▸ **DATASET**
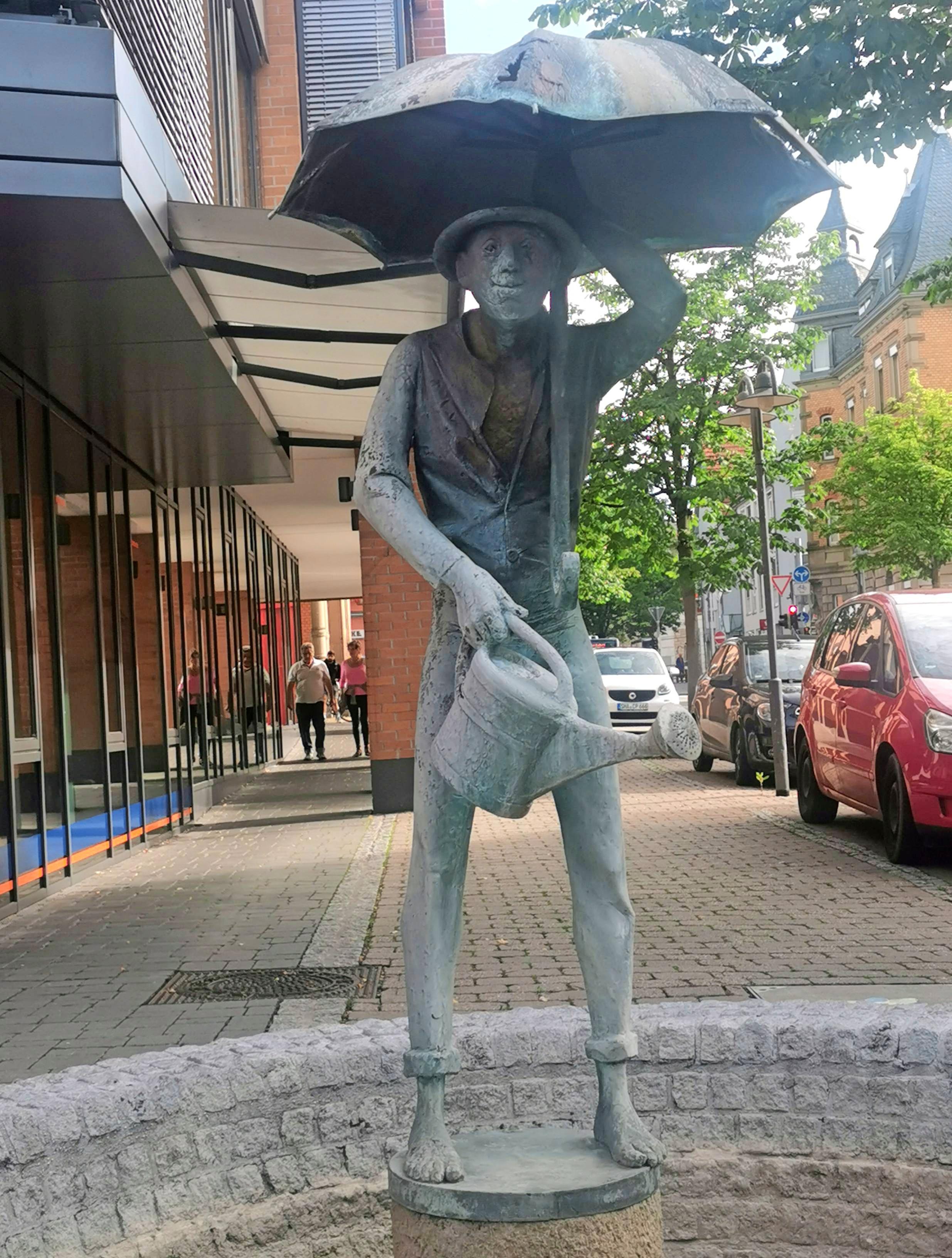 Ob dem Hamballe frischer Wind gut tut? Der Skulptur in der Bahnhofstraße dürfte das wohl egal sein. Von Künstler Hermann Koziol bildhauerisch gestaltet, fand der liebenswerte Geselle als Bronzefigur 1986 seinen festen Platz mitten in Hamballingen. Und hier in seiner heimatlichen Residenz residiert der „Urtyp hochgeistiger Einfalt“ mitten in einem Brunnen und bringt seine Betrachter zum Schmunzeln: Mit seinem Schirm schützt er sich vor dem Regen und gießt dabei die Blumen.
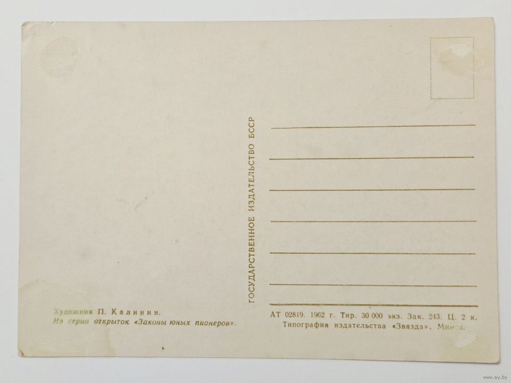 Калинин Законы юных пионеров 1962 Тир.30 000 чистая открытка СССР (БССР, Беларусь)
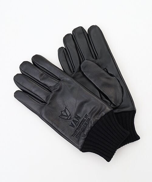 シックな大人のレザーグローブ■滑らかな質感の羊革が手に馴染み、品のあるアイテムに仕上げました■VANの頭文字の<V>をモチーフにしたエンブレムをモディファイしたデザインを刺繍で施し、さりげないポイントに■手首部分はニットでスムーズに着脱が可能■ツヤのある羊革をオールブラックでまとめ、上質でシックな印象に仕上げました■シンプルながら、存在感のある佇まいが魅力で冬の贈り物にもオススメです
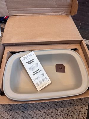 Brand new huge pampered chef rectangular bowl There is no lid but this bowl retailed for $110
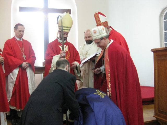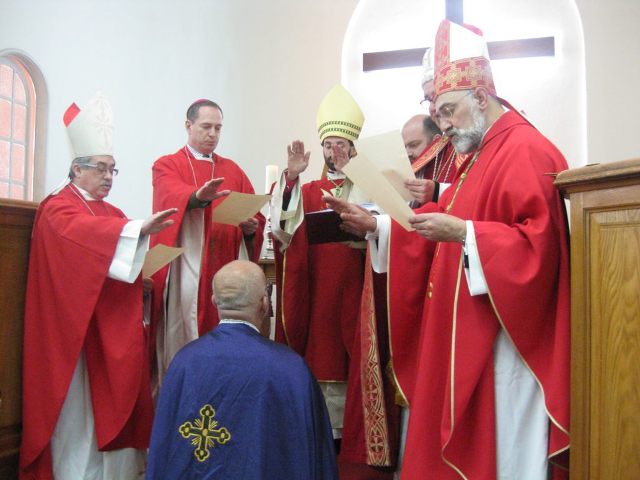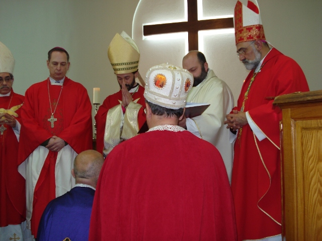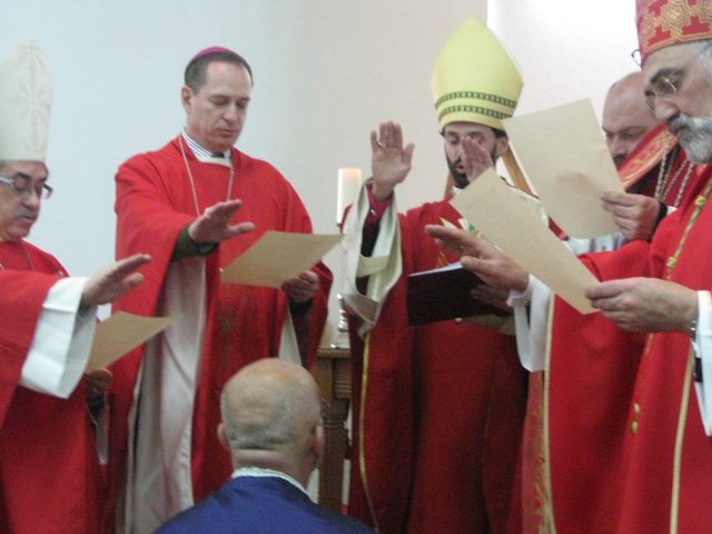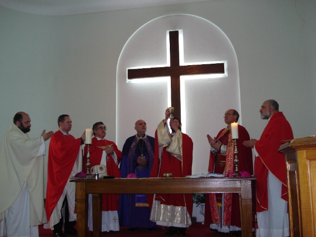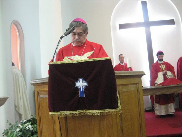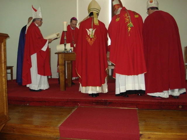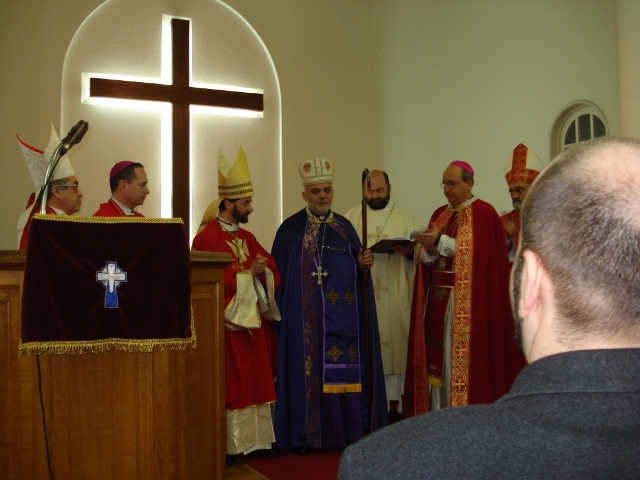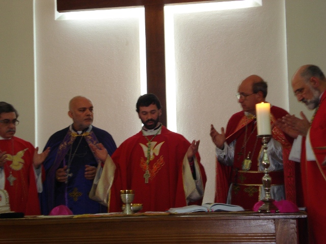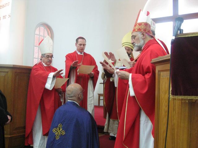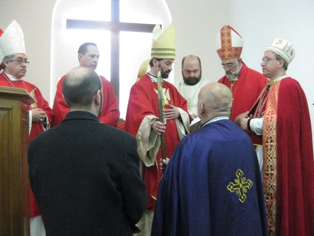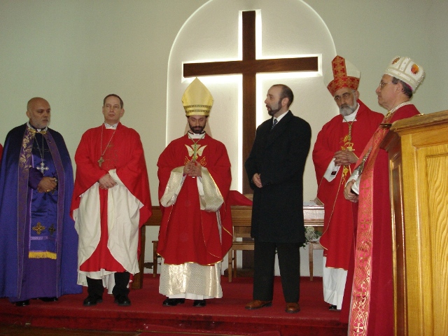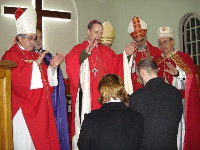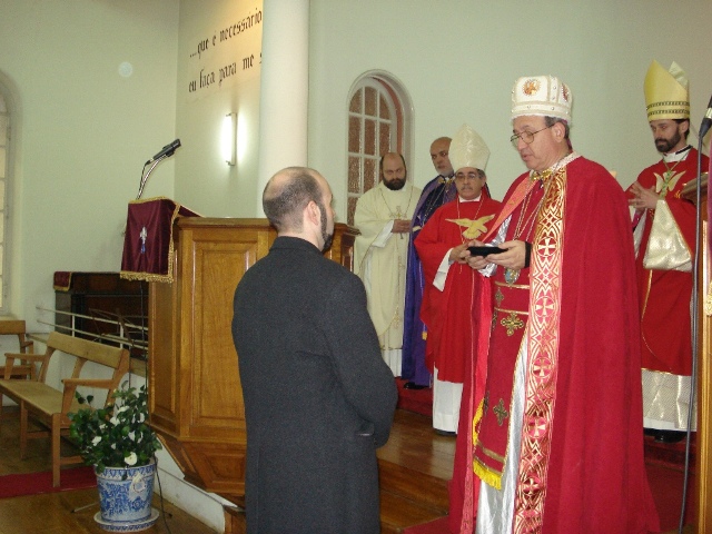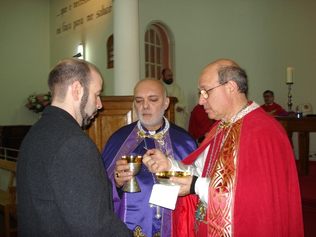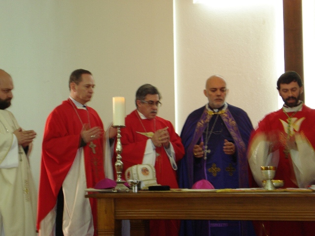 Apresentação do Eleito, S.E.R. Mons. Carlos Alberto Luconi perante o Colégio Episcopal, ladeado por S.E.R. Monsenhor Alfredo Mário Mingolla-Montrezza, Arcebispo de Buenos Aires da Igreja Ortodoxa Bielorrussa Eslava
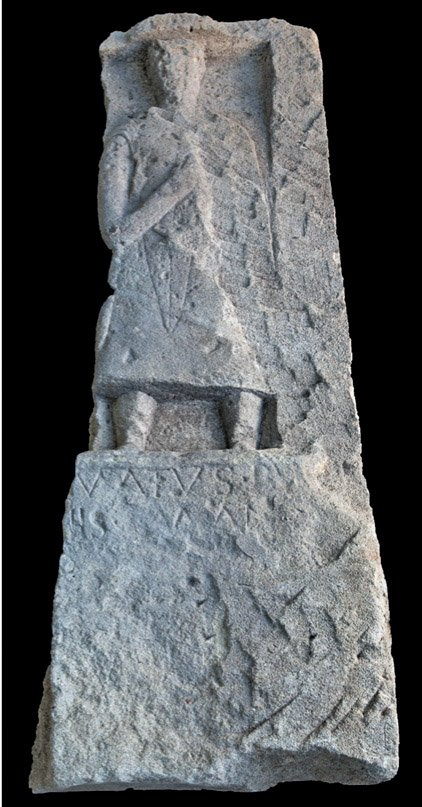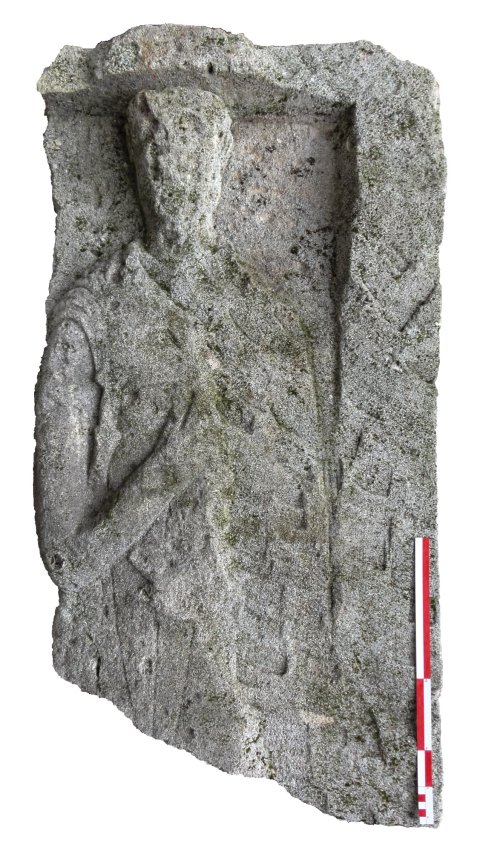 - Stehender Mann in kurzem Untergewand, Mantel (Paenula ?) und Stiefeln, im rechten Arm Schwertscheide mit Schwert.
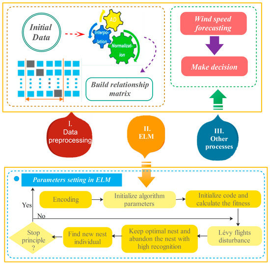 This section proposes building a wind speed forecasting model where random initial input weights and the threshold in the ELM method are optimized by Cuckoo Search. The framework of the entire optimization model is shown in Figure 5. The specific modeling process is as follows:
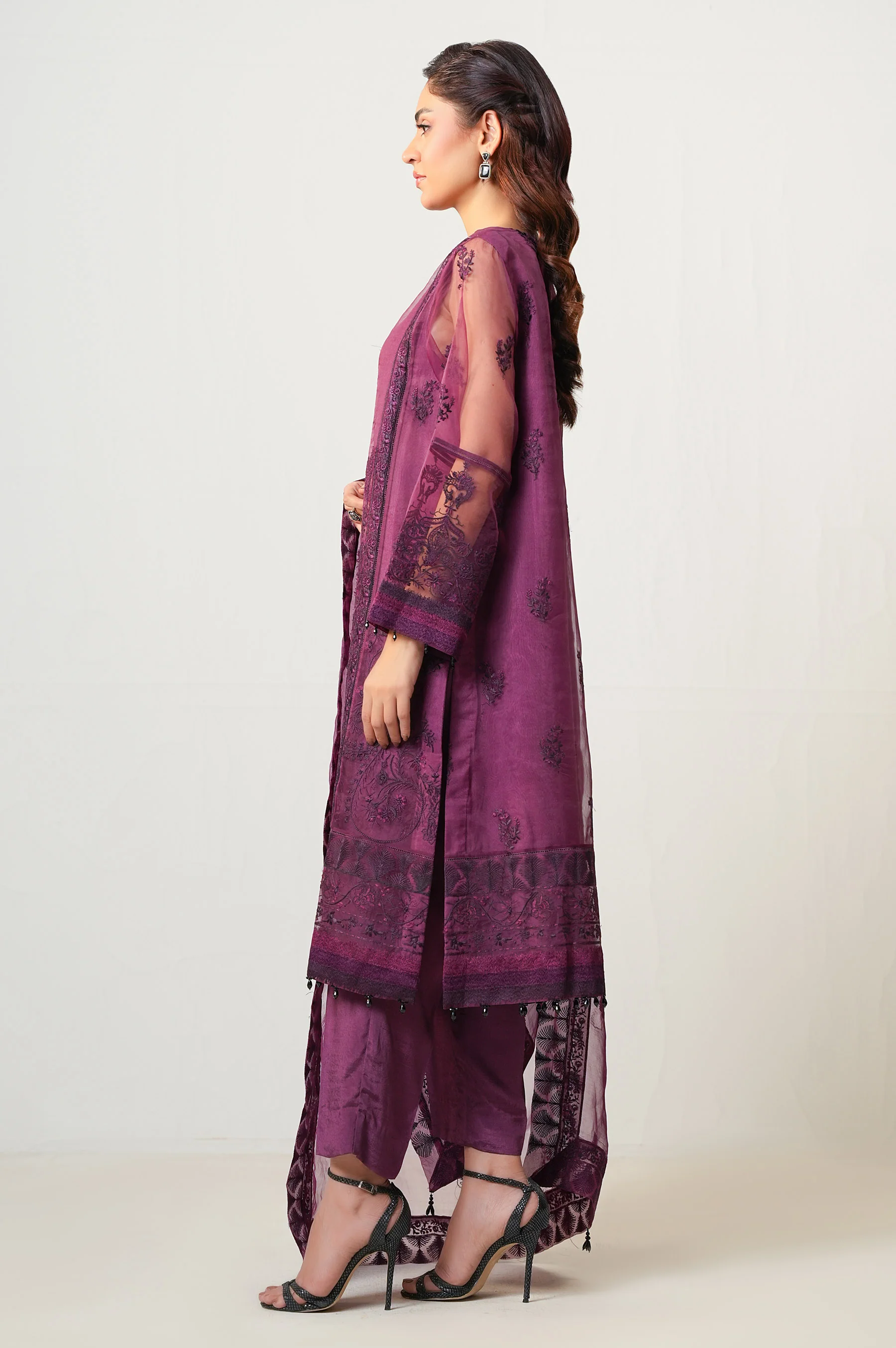 Enchant your wardrobe with the richness of Aura Plum, a luxurious embroidered 3-piece suit. The organza fabric features beautifully detailed panels and borders for a graceful design. Thoughtful hand embellishments enhance its appeal for formal events. Chic raw silk trouser ensure comfort without compromising elegance. Elevate your look for unforgettable celebrations.
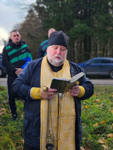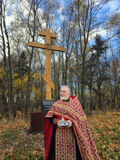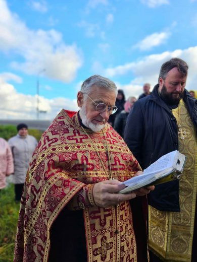 После освящения креста к собравшимся обратился благочинный протоиерей Стефан Гривас с пастырским словом, в котором поздравил присутствующих с долгожданным событием, выразил благодарность всем, кто содействовал совершению важного духовного дела, преподал Божие благословение, чтобы Господь хранил и оберегал замечательное поселение и людей, живущих в нем.
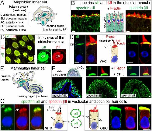 Spectrin βV adaptive mutations and changes in subcellular location correlate with emergence of hair cell electromotility in mammalians., Proc Natl Acad Sci U S A 2017 |
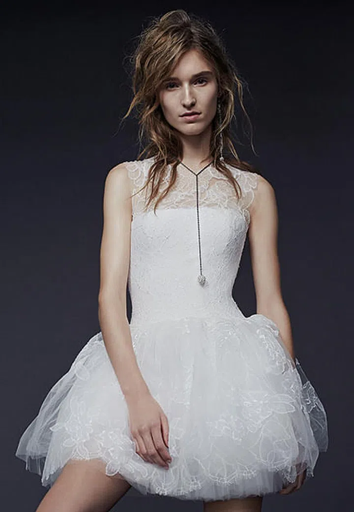 穿上曳地婚纱礼服步入礼堂,是许多准新娘的梦想。婚纱女王Vera Wang则反传统的在2015秋冬系列婚纱作品中,推出一件短版婚纱,俏丽又活泼,着是设计师对摩登婚纱的崭新演绎。她以品牌签名式的多层次薄纱为主材,纱上的花卉刺绣更展现过人的精细工艺。
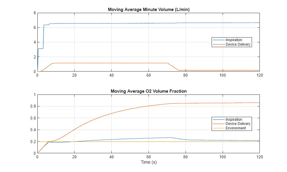 The device has two modes of operation: continuous or pulsating. The simulation starts in continuous mode, which delivers constant oxygen-rich flow to the lung model. At t = 70 s, the simulation switches to pulsating mode, which synchronizes oxygen delivery with inspiration. State Flow™ is used to estimate the breaths per minute and to control the conserving valve in the device.

▸ **TRY IT**
Retype the whole listing. Keep every word exact but include no pictures.

▸ **TASK RESULT**
 Ob dem Hamballe frischer Wind gut tut? Der Skulptur in der Bahnhofstraße dürfte das wohl egal sein. Von Künstler Hermann Koziol bildhauerisch gestaltet, fand der liebenswerte Geselle als Bronzefigur 1986 seinen festen Platz mitten in Hamballingen. Und hier in seiner heimatlichen Residenz residiert der „Urtyp hochgeistiger Einfalt“ mitten in einem Brunnen und bringt seine Betrachter zum Schmunzeln: Mit seinem Schirm schützt er sich vor dem Regen und gießt dabei die Blumen.
 Калинин Законы юных пионеров 1962 Тир.30 000 чистая открытка СССР (БССР, Беларусь)
 シックな大人のレザーグローブ■滑らかな質感の羊革が手に馴染み、品のあるアイテムに仕上げました■VANの頭文字の<V>をモチーフにしたエンブレムをモディファイしたデザインを刺繍で施し、さりげないポイントに■手首部分はニットでスムーズに着脱が可能■ツヤのある羊革をオールブラックでまとめ、上質でシックな印象に仕上げました■シンプルながら、存在感のある佇まいが魅力で冬の贈り物にもオススメです
 Brand new huge pampered chef rectangular bowl There is no lid but this bowl retailed for $110
 Apresentação do Eleito, S.E.R. Mons. Carlos Alberto Luconi perante o Colégio Episcopal, ladeado por S.E.R. Monsenhor Alfredo Mário Mingolla-Montrezza, Arcebispo de Buenos Aires da Igreja Ortodoxa Bielorrussa Eslava
 - Stehender Mann in kurzem Untergewand, Mantel (Paenula ?) und Stiefeln, im rechten Arm Schwertscheide mit Schwert.
 This section proposes building a wind speed forecasting model where random initial input weights and the threshold in the ELM method are optimized by Cuckoo Search. The framework of the entire optimization model is shown in Figure 5. The specific modeling process is as follows:
 Enchant your wardrobe with the richness of Aura Plum, a luxurious embroidered 3-piece suit. The organza fabric features beautifully detailed panels and borders for a graceful design. Thoughtful hand embellishments enhance its appeal for formal events. Chic raw silk trouser ensure comfort without compromising elegance. Elevate your look for unforgettable celebrations.
 После освящения креста к собравшимся обратился благочинный протоиерей Стефан Гривас с пастырским словом, в котором поздравил присутствующих с долгожданным событием, выразил благодарность всем, кто содействовал совершению важного духовного дела, преподал Божие благословение, чтобы Господь хранил и оберегал замечательное поселение и людей, живущих в нем.
 Spectrin βV adaptive mutations and changes in subcellular location correlate with emergence of hair cell electromotility in mammalians., Proc Natl Acad Sci U S A 2017 |
 穿上曳地婚纱礼服步入礼堂,是许多准新娘的梦想。婚纱女王Vera Wang则反传统的在2015秋冬系列婚纱作品中,推出一件短版婚纱,俏丽又活泼,着是设计师对摩登婚纱的崭新演绎。她以品牌签名式的多层次薄纱为主材,纱上的花卉刺绣更展现过人的精细工艺。
 The device has two modes of operation: continuous or pulsating. The simulation starts in continuous mode, which delivers constant oxygen-rich flow to the lung model. At t = 70 s, the simulation switches to pulsating mode, which synchronizes oxygen delivery with inspiration. State Flow™ is used to estimate the breaths per minute and to control the conserving valve in the device.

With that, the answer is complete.